Но в этот момент посадник, словно бы выросший на целую четверть, обратился к вечевой башне и махнул своею собольею шапкой…

Звонарь хорошо знал этот немой приказ посадника. Он торопливо ухватился за колокольную веревку и – точно помолодел! Он знал, что одного движения его старой руки достаточно, чтобы в один миг улеглась народная буря.

– Ну-ко заговори, колоколушко мой, крикни…

И вечевой колокол крикнул. Затем еще раз… еще… еще… Медный крик пронесся опять над площадью и над всем городом. Народная буря стихла – поднятые кулаки опустились.

Посадник выступил на край помоста. Он был бледнее обыкновенного. В душе он чувствовал, что, быть может, решается участь его родины, славного и могучего Господина Великого Новгорода… На сердце у него и в мозгу что-то ныло – слова какие-то ныли и щемили в сердце… «Марфо! Марфо!» – невольно звучало в ушах его евангельское слово47 – и ему припоминалась эта, другая, Марфа, которую, казалось, Бог в наказание послал его бедной родине… «Проклятая Марфа!..» И перед ним промелькнули годы, промелькнула его молодость, а с нею обаятельный образ этой «проклятой Марфы» во всей чудной красоте девичества… «Проклятая, проклятая…»

Он вскинул вверх свою серебряную голову, чтоб отогнать нахлынувшие на него видения молодости… А колокол все кричал над ним… Он глянул туда, вверх, и два раза махнул шапкой. Колокол умолк, точно ему горло перехватило, и только протяжно стонал… Над вечевым помостом кружился белый голубь…

– Господо и братие! – прозвучал взволнованный голос посадника. – Вижу, Господине Великий Новгород, нет твоей воли стать за князя московского, за его старины…

– Нет нашей воли на то!

– За короля хотим! За Коземира!

– Мы вольные люди, и под королем тоже наши братья, русь – тож вольные люди!

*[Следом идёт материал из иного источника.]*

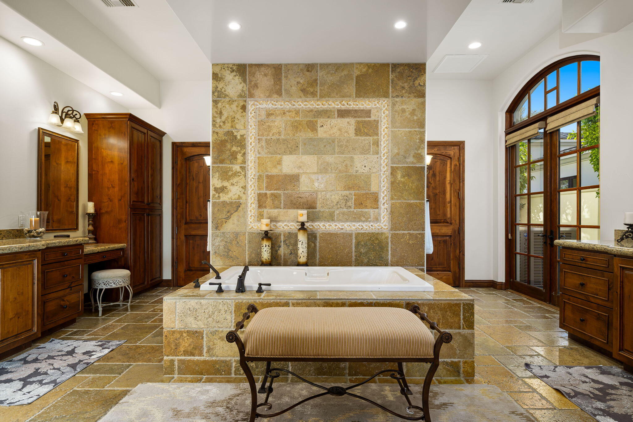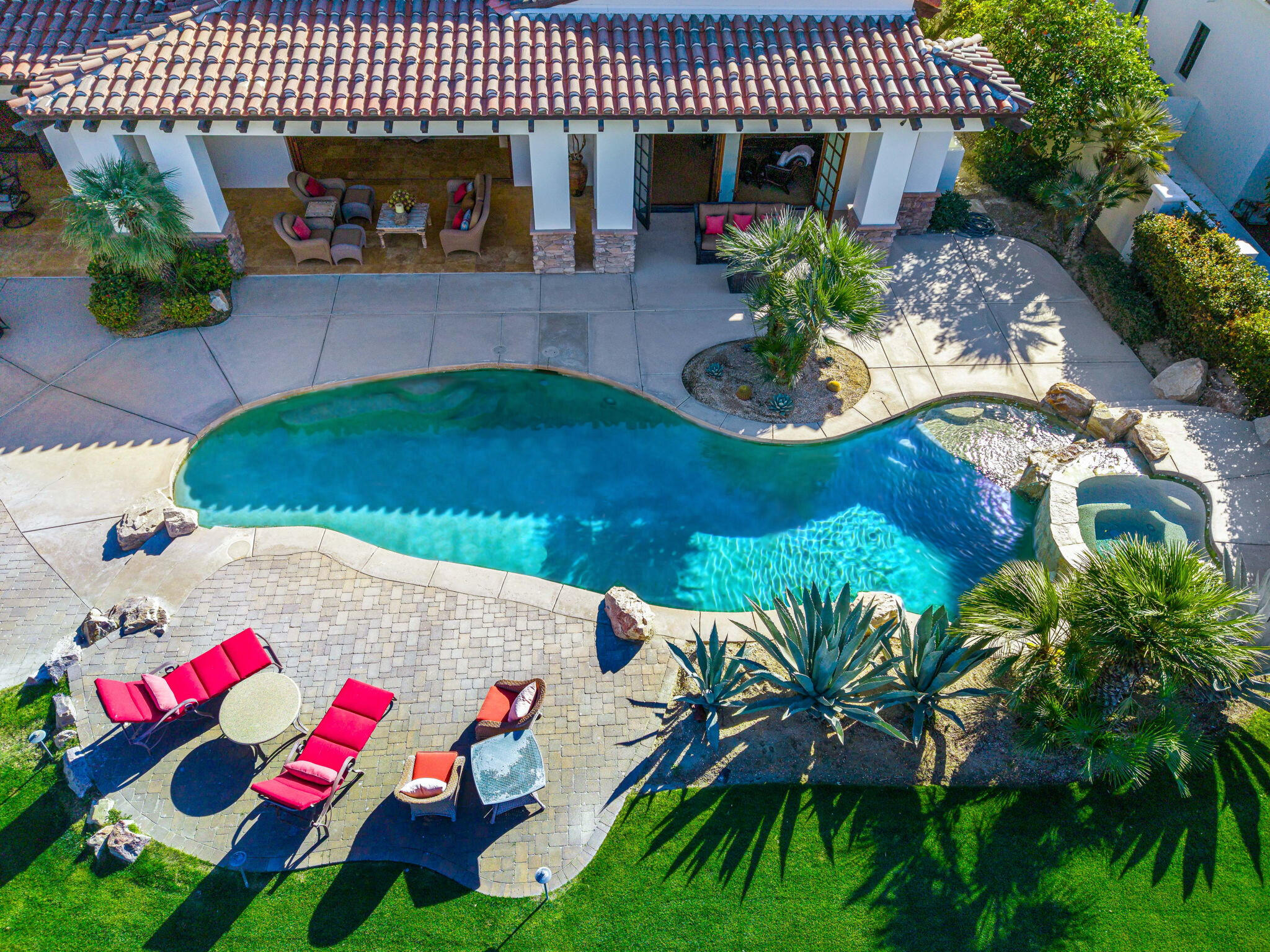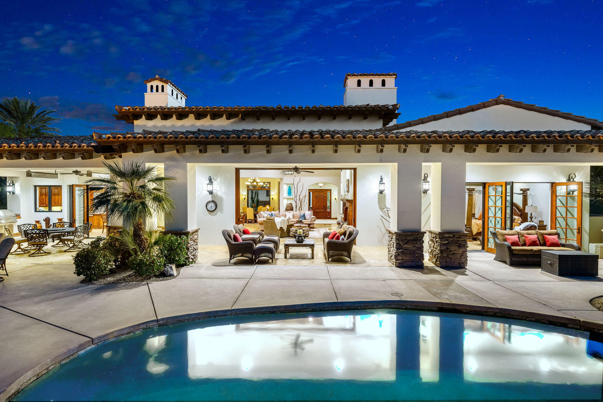 Nestled in a serene setting on a spacious corner homesite, this magnificent 4 Bed, 4+2 Bath custom home offers an unparalleled blend of luxury, comfort, & privacy. As you step through the gates, you're warmly welcomed by a stunning private courtyard with a cozy fireplace, perfect for those crisp desert evenings. The great room is a highlight of the home, featuring expansive pocket windows that frame gorgeous waterfall & lake views, creating a seamless connection between indoor & outdoor living. For wine enthusiasts, the temperature-controlled wine room, adjacent to the elegant dining room, ensures your collection is stored in optimal conditions. The spacious primary retreat is a sanctuary, offering a peaceful escape from the everyday hustle. In addition to the 3 spacious guest bedrooms, this home features a beautifully appointed office or an inviting den, designed with a blend of comfort & style, providing ample room for productivity or relaxation, & rest. The backyard offers privacy & tranquility, with a gorgeous waterfall & an expansive grassy area, perfect for outdoor activities & gatherings. The entertainment area, complete with a fire pit, is ideal for hosting, while the outdoor dining room, equipped with a BBQ & heaters, allows for stylish al fresco dining year-round. This home is a true masterpiece, offering luxurious living with exceptional amenities. Don't miss the opportunity to make this extraordinary property your own - contact us today!Interested in this Listing?

– Да будет твоя воля, Господине Великий Новгород, – продолжал посадник, когда несколько смолкли крики. – За короля – так за короля. И тогда подобает нам с королем договорную грамоту написать и печатьми утвердить…

– Болого! Болого! На то наша воля!

– Ниту нашей воли, ниту! – кричали сторонники Москвы.

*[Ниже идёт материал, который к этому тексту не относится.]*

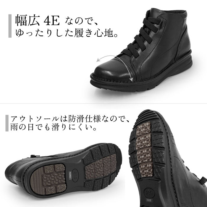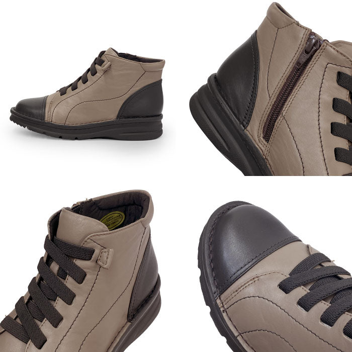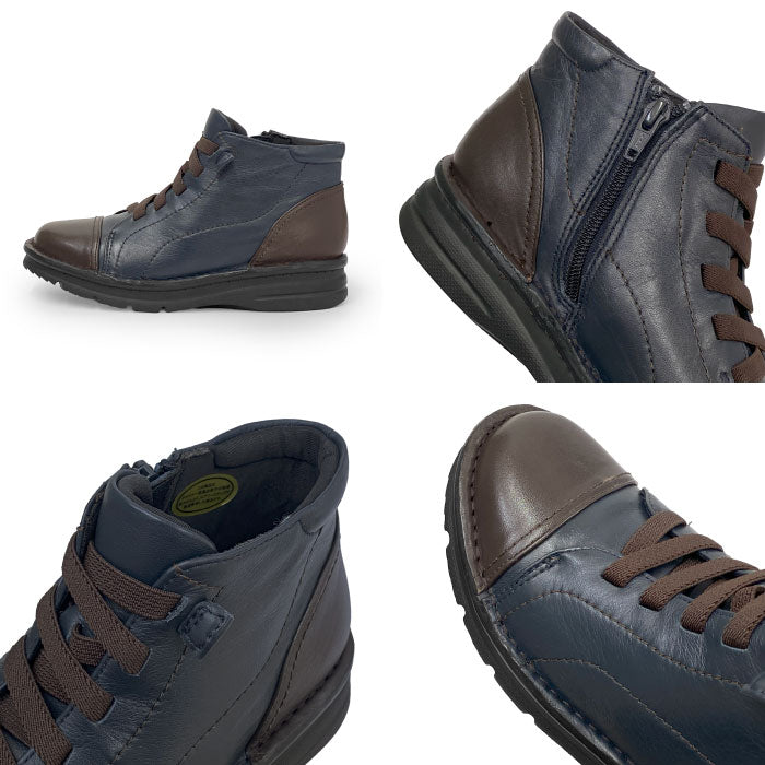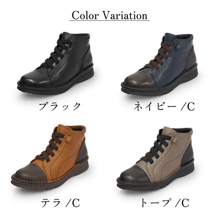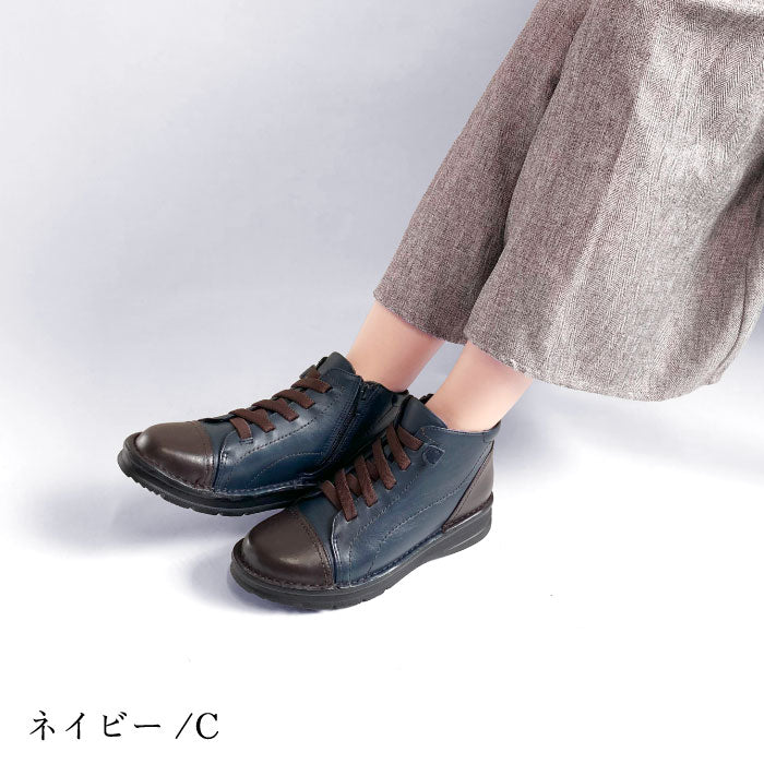 バイカラーのオシャレでスポーティーなレザーブーツ。レザーの質感が良く見た目も高級感に溢れています。ボリューム感のあるソールなので歩きやすく幅広4Eなのも嬉しいポイントです。パンツスタイルと合わせてカジュアルに仕上げるのがオススメです。

– Не волим за короля! Не волим за латынство!

– За православие волим. За старину!

Но их голоса покрыты были ревом толпы:

– Не хотим в московскую кабалу! Мы не холопи!

– Бей их, идоловых сынов! С мосту их…

Опять полетели в воздухе комья снегу, а с ними и камни. Опять тысячи рук с угрозой махали в воздухе. Народ двигался стеною, давя друг дружку. Противная сторона посунулась назад; но дальше идти было некуда. Свалка уже начиналась на правом и на левом крыле, где первые натиски толпы приняли на себя рядские молодцы и рыбники, защищавшие интересы торговых людей и свои собственные.

– Братцы кончане, за мною! – кричал богатырского роста рыбник с Людина конца. – Бей их, худых мужиков-вечников!

– Не дадим себя в обиду, братцы уличане!

– Лупи, братцы, серых лапотников!

– Разнесем их, гостинных крыс! Разнесем Перуньевы семена! – отвечали «серые» вечники.

Русский народ мастер биться на кулачки, а новгородцы по этой части были мастера первый сорт: всю зиму, по большим праздникам и по воскресным дням, а равно на широкую Масленицу, после блинов, на Волхове, на льду, сходился чуть не весь Новгород – и начинался «бой-драка веселая». Конец шел на конец, Нервской конец на Людин, Славенский на Плотницкий, Околоток на Загородный конец… А там сходились улица с улицей – и кровопролитье из носов шло великое: ставились фонари под глазами, сворачивались на сторону скулы-салазки, доставалось «микиткам» и ребрам… В порыве крайнего увлечения Торговая сторона шла лавой на Софийскую, и тогда в битве участвовали не одни молодцы рядские, рыбники да мужики-вечники, а выступали солидные «житые люди», и бояре, и гости – молодое и старое…

Такую картину разом изобразило из себя вече в этот достопамятный день. Богатырь рыбник схватил за ноги тщедушного тяглеца пидблянина48 и стал махать им направо и налево, словно мешком, и приговаривать из былины:

 
Захватил Илья тут за ноги татарина,
Стал кругом татарином помахивать:
Где махнет – там улица татаровей,
Отмахнется – с переулками…
 

Но «серые лапотники» навалились массой на рыбников и рядских молодцов, отбили мужичка, которого рыбник замахал и заколотил чуть не до смерти, приперли своих противников к стенам, ринулись, как звери, и на самих торговых и степенных людей и превратили вече в чистое побоище.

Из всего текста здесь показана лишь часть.